Durante casi tres meses he tenido entre las manos un original del maravilloso registro Selma to Montgomery March for Voting Rights in 1965, de James Karales (1930-2002), obra maestra del uso del gran angular, de la fotografía en blanco y negro y de la determinación del nosotros, para abrirse camino y deslindar los límites que producen los ilegítimos intereses de los muy pocos, sobre la inabarcable legión de los muchos. Siempre he sostenido que una foto que requiere ser descrita, o ya no existe o es una chapuza; ello me obliga a eludir profundizar en consideraciones estéticas, pero no he sabido evitar abrir la búsqueda en Spotify® del abanico de versiones del We shall overcome.
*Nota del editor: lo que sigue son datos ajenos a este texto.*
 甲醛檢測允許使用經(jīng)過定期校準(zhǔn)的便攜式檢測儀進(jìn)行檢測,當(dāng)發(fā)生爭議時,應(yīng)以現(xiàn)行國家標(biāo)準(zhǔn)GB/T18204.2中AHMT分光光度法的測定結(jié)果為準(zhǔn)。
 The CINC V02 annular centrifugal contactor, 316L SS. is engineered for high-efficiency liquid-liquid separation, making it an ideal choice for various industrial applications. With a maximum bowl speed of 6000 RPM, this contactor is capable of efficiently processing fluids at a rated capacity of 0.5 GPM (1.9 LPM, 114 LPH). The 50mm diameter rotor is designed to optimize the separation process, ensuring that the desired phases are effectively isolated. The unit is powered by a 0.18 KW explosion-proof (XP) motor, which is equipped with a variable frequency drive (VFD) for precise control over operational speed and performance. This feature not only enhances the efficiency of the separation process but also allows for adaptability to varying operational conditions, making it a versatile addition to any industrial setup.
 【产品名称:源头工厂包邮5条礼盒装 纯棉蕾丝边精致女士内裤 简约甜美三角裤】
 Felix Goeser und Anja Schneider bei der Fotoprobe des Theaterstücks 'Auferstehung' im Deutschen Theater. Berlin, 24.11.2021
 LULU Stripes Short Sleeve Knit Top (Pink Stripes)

He elegido la del tercer bis con que cerró el concierto Bruce Springsteen en Dublin (17 de noviembre de 2006), no solo porque la voz del Boss mece las estrofas como ninguna, sino porque el acompañamiento al acordeón de Charlie Giordiano aporta una nota a bar con serrín y cabezas de gambas por el suelo, que me hace sentir en casa.
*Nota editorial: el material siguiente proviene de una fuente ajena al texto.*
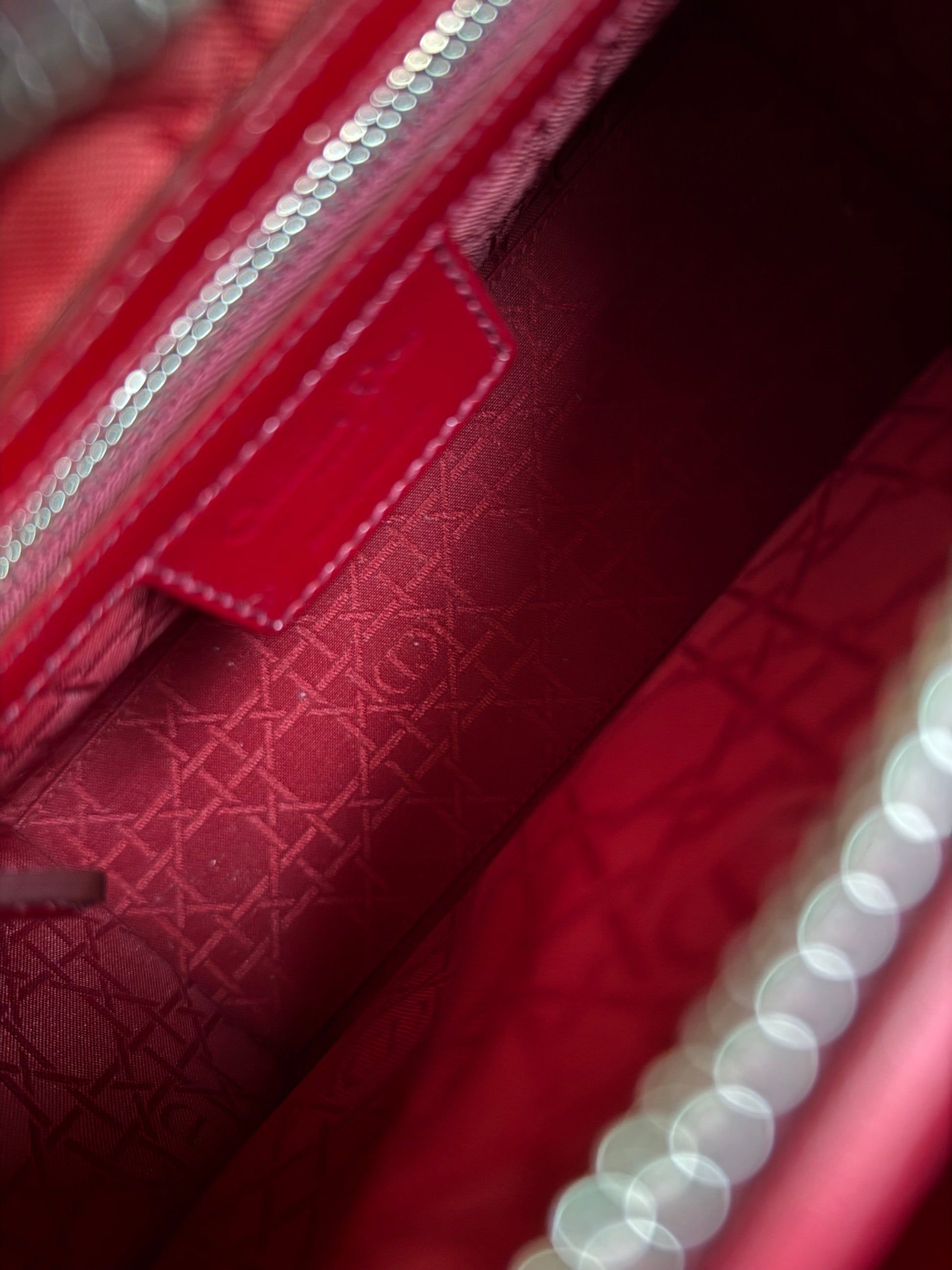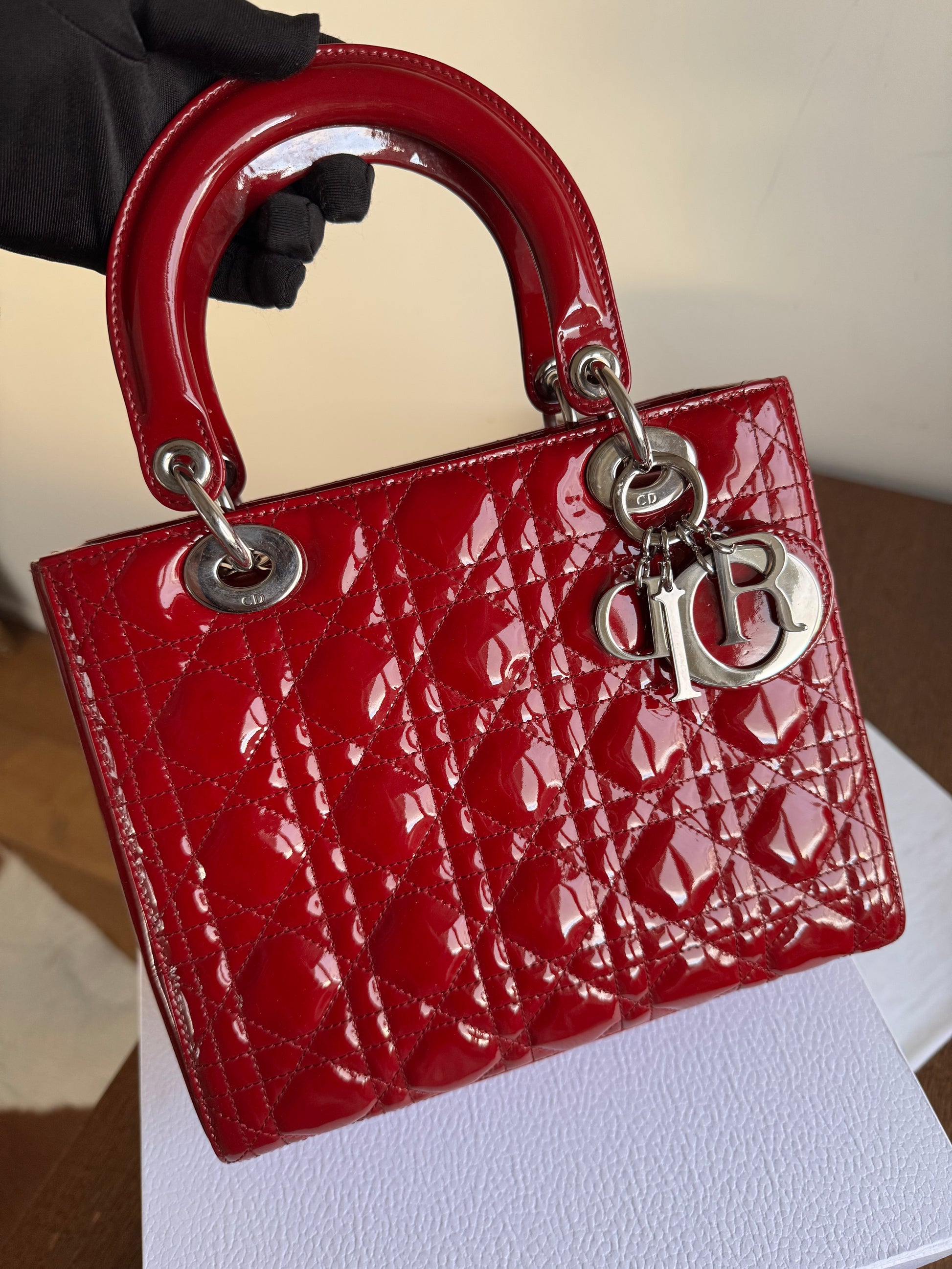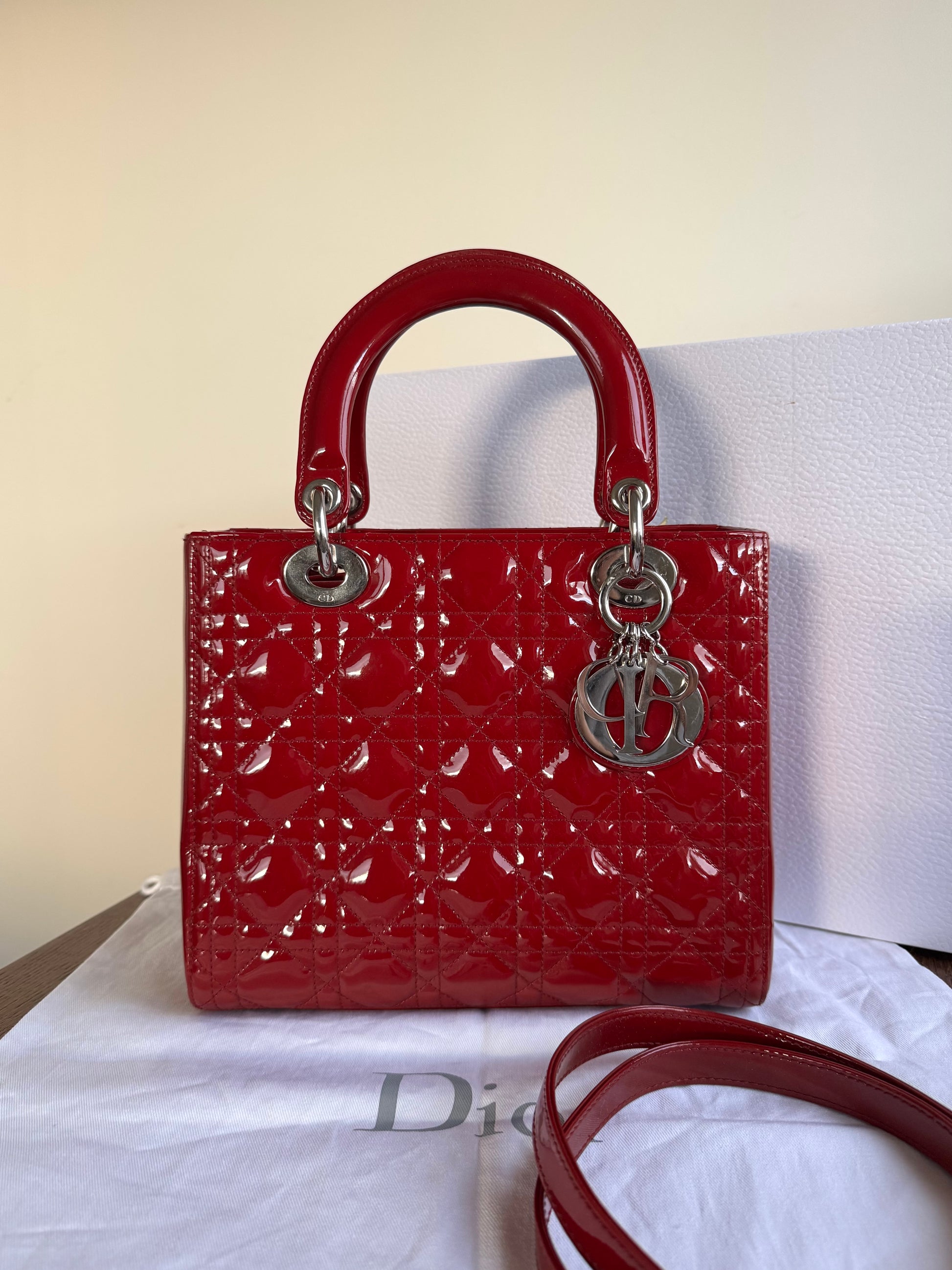 Pre-owned Dior Lady Dior Medium Burgundy Patent Leather Bag

Shall we overcome? ¿Venceremos?, compleja pregunta al alba de un día donde un predicador, con el cerebro liso, pretende quemar el libro sagrado de los otros. Un día después de que 20.000 liberados sindicales desacrediten la esperanza de lo rojo, reducida ya a espesa salsa de las retribuciones y los despidos. La misma semana en que la errática órbita del Presidente desconcierta los florilegios de la astro-física con las imposibles combinaciones del y todos contentos. ¿Venceremos?, tal vez un día. No pude estar en la marcha de Selma (y hubiera querido) y no estaré en la 29-S (y podría); en la primera tenía diez años y en esta cincuenta y cinco, dos edades aptas solo para la magia.

Sea como fuere, desde la dulzura en que sestean los ideales y los recuerdos, te agradezco Lucille, aquel luminoso anillo que encerraba las viejas esperanzas.

We are not afraid, we are not afraid

we are not afraid, today.

Deep in my heart, I do believe,

We shall overcome some day.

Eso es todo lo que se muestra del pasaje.